Number of models evaluated:   0%|          | 0/1 [00:00<?, ?it/s]
Number of models evaluated: 100%|██████████| 1/1 [00:00<00:00, 41.87it/s]
🦍 Model: meta_llama-3.1-8b-instruct
🔍 Running test: simple
✅ Test completed: simple. 🎯 Accuracy: 1.0
📈 Aggregating data to generate leaderboard score table...
🏁 Evaluation completed.
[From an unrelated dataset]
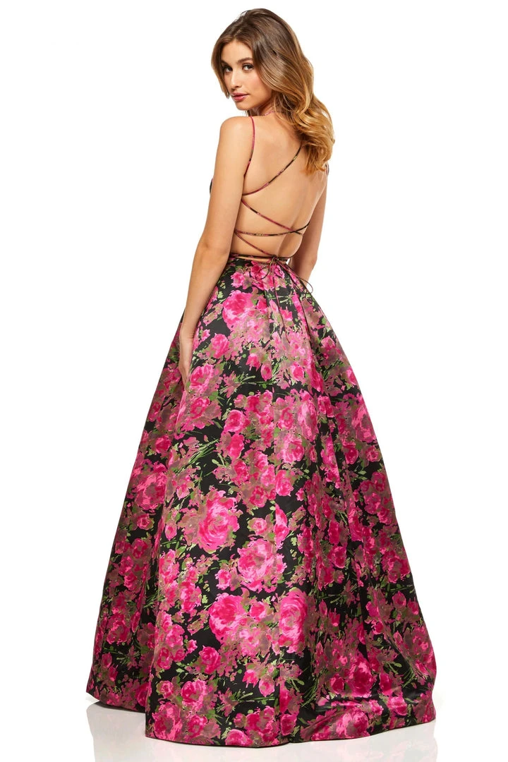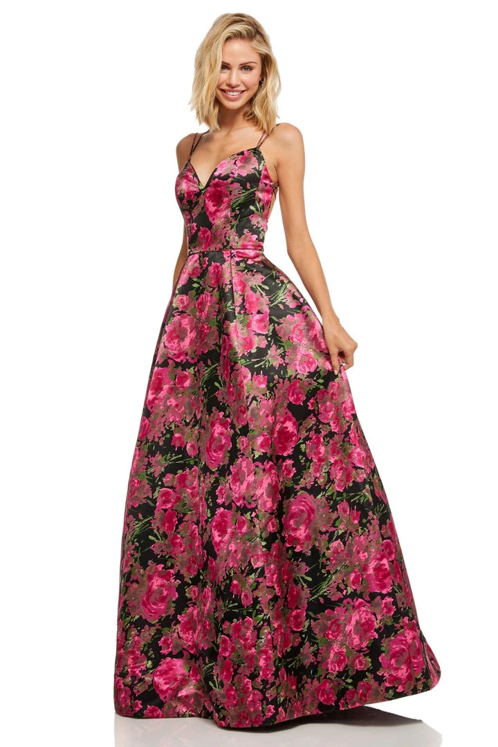 Bloom with loveliness in this floral gown from Sherri Hill 52627. This elegant floral dress showcases a sweetheart neckline on a fit-and-flare type of gown. It is a long A-line silhouette dress that is styled with a sexy lace-up open back design. Radiate a fresh style as you orchestrate a dramatic entrance in this radiant Sherri Hill creation. Model is wearing Black Print color.

See /jobs/results/eval-2rDA3TM9Kt4rozrn8B6mrg/task1/scores/data_overall.csv for overall evaluation results on BFCL V3.
See /jobs/results/eval-2rDA3TM9Kt4rozrn8B6mrg/task1/scores/data_live.csv, /jobs/results/eval-2rDA3TM9Kt4rozrn8B6mrg/task1/scores/data_non_live.csv and /jobs/results/eval-2rDA3TM9Kt4rozrn8B6mrg/task1/scores/data_multi_turn.csv for detailed evaluation results on each sub-section categories respectively.
2025-05-28T20:54:07Z (eval_factory_lib.execution.infra) - INFO: Job script /jobs/results/eval-2rDA3TM9Kt4rozrn8B6mrg/job_commands.sh executed successfully.
INFO:eval_factory_lib.execution.infra:Job script /jobs/results/eval-2rDA3TM9Kt4rozrn8B6mrg/job_commands.sh executed successfully.

The contents of the ZIP file depend on the evaluation job and configuration. Typically, it includes log files generated during the evaluation process.